A ária analisada chama-se: Cruxifixus pertencente à Petite Messe Solenelle


de Rossini.
A ária é cantada por uma soprano com acompanhamento de piano e
harmónio.
Começando em andante sostenuto tendo o acompanhamento do piano com
um carácter bastante rítmico e constante durante toda a ária, com a dinâmica:
“pppp”( algo que apareceu principalmente no período romântico).
De realçar que Rossini, usou o texto do ordinário da missa mais dramático e
tenso (quando Cristo é crucificado) e transformou num acompanhamento do
piano bastante rítmico e pontuado.
O harmónio, durante toda a ária está a dobrar a melodia e a fazer um
acompanhamento coral. De salientar que, na partitura original, o harmónio
tem um pouco mais de ritmo.
No compasso 5, o harmónio apresenta a dinâmica:“pppp”, continuando com
crescendos e diminuendos que entram em concordância no compasso 9, com
o forte do piano.
No compasso 10, o piano tem “pp” e o harmónio “pppp” algo recorrente na
peça levando à conclusão que o harmónio tem um carácter mais sublime e
menos forte que o piano, estando sempre em unanimidade nesse mesmo
aspeto.
O forte no compasso 13 faz a preparação para a modulação para SI M com
um “ppp” súbito.
No compasso 19, a linha do soprano tem acentuações em cada colcheia que
nada mais é que a junção de ritmo e dinâmica com a adesão do texto:
“passus”, que dá ao ouvinte uma sensação de sofrimento dos últimos passos
e suspiros de Cristo. Seguidamente, no compasso 20 existe uma
concordância dinâmica da linha vocal e acompanhamento do piano.

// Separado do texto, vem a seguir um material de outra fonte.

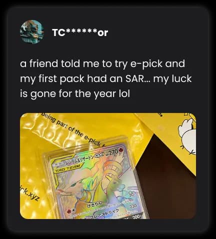 e-pick is an innovative online sales platform specifically designed for trading card game collectors. Users can purchase items by "opening" e-pick's original mystery boxes. Once you acquire an item, you have two options: you can exchange it for points via our buyback offer, or you can redeem it to have it delivered right to your doorstep!
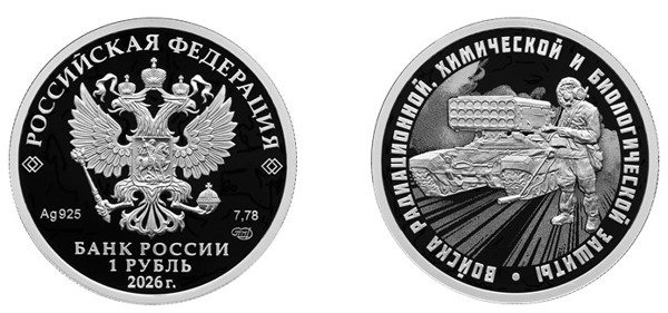 Продается в комплекте из трёх монет серии «Войска радиационной, химической и биологической защиты». Аверс: рельефное изображение Государственного герба Российской Федерации, над ним вдоль канта – надпись полукругом «РОССИЙСКАЯ ФЕДЕРАЦИЯ», обрамленная с обеих сторон сдвоенными ромбами, под гербом слева – обозначения драгоценного металла и пробы сплава, справа – содержание химически чистого металла и товарный знак монетного двора, внизу в центре в три строки – надпись «БАНК РОССИИ», номинал монеты «1 РУБЛЬ», год выпуска «2026 г.».
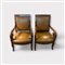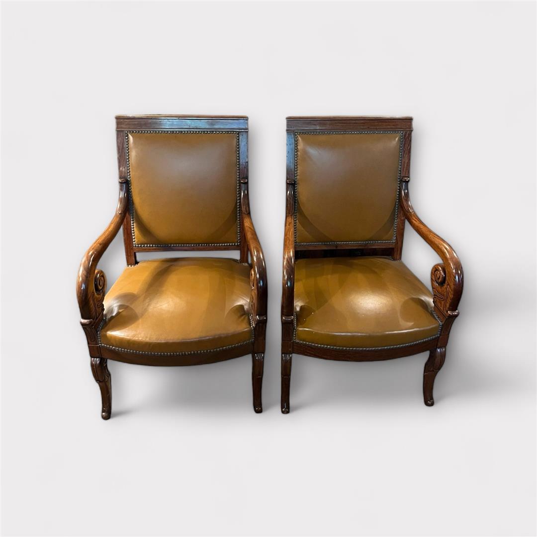 A pair of Charles X armchairs upholstered in mocha leather. France, 18th...
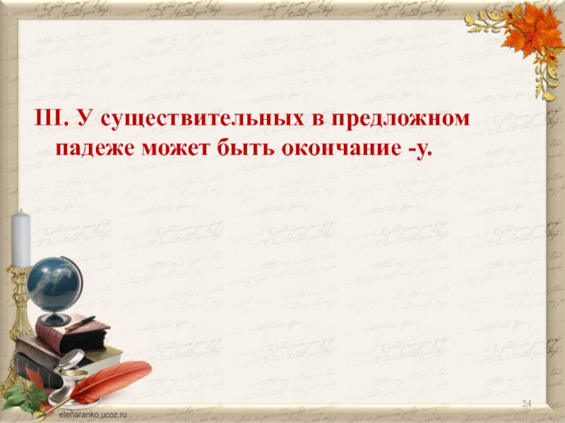 Слайд 24ІІІ. У существительных в предложном падеже может быть окончание -у.
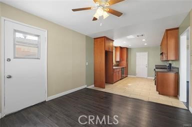 This beautiful well-maintained 4BR 1.75 BA is located in a nice and quiet neighborhood. Offering comfort, style, and functionality throughout. Spacious living room with fireplace, laminated wood and tile flooring, Newer windows, Kitchen with quartz counter tops, oak cabinets, recess lighting ,dishwasher. Central heat and A/C system, Ceiling fans in all bedrooms. Freshly painted outside. Two car garage with direct access to the kitchen. New garage door opener. Fenced back yard. Sorry, No pets.
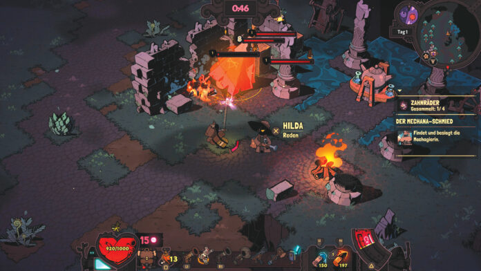 Obwohl der Devolver-Titel als Survival-Spiel mit Zauberern vermarket wird und optisch an Kleis Indie-Hit Don’t Starve erinnert, handelt es sich hier doch eher um ein Roguelite-Baller-Abenteuer mit einer gehörigen Portion Crafting, ähnlich kleinen Indie-Perlen wie Forager und Nova Lands.

Seguidamente, a soprano tem 4 vezes o mesmo texto.
O que Rossini faz, é a subida de uma terceira, dando um movimento
de continuidade e reforçando a ideia implícita do texto chegando ao forte no
compasso 29.
As indicações de " < > "( crescendo e diminuendo) dão a expressão
momentânea de não deixar desaparecer a nota.
No compasso 42 passa novamente para a tonalidade inicial, havendo a
preparação prévia das duas últimas colcheias da soprano. Existe uma
acentuação no piano e harmónio havendo um decrescendo para o compasso
44.
No compasso 46 e 48 existe outra acentuação no 2º tempo da soprano, dando
a ideia das chagas cravadas na mão de Cristo, com o texto: “Et sepultus est”.
No compasso 49, a nota da soprano dá a ideia de algo difícil de alcançar, já
que a nota faz parte da zona de passagem *(1) da tessitura de soprano, o que
gera alguns problemas técnicos a nível vocal, correspondendo à letra: “est”.
Tendo o acompanhamento do piano a indicação de “morrendo”, acabando no
compasso 51.
Por fim, podemos concluir que existe homofonia quanto à textura desta ária.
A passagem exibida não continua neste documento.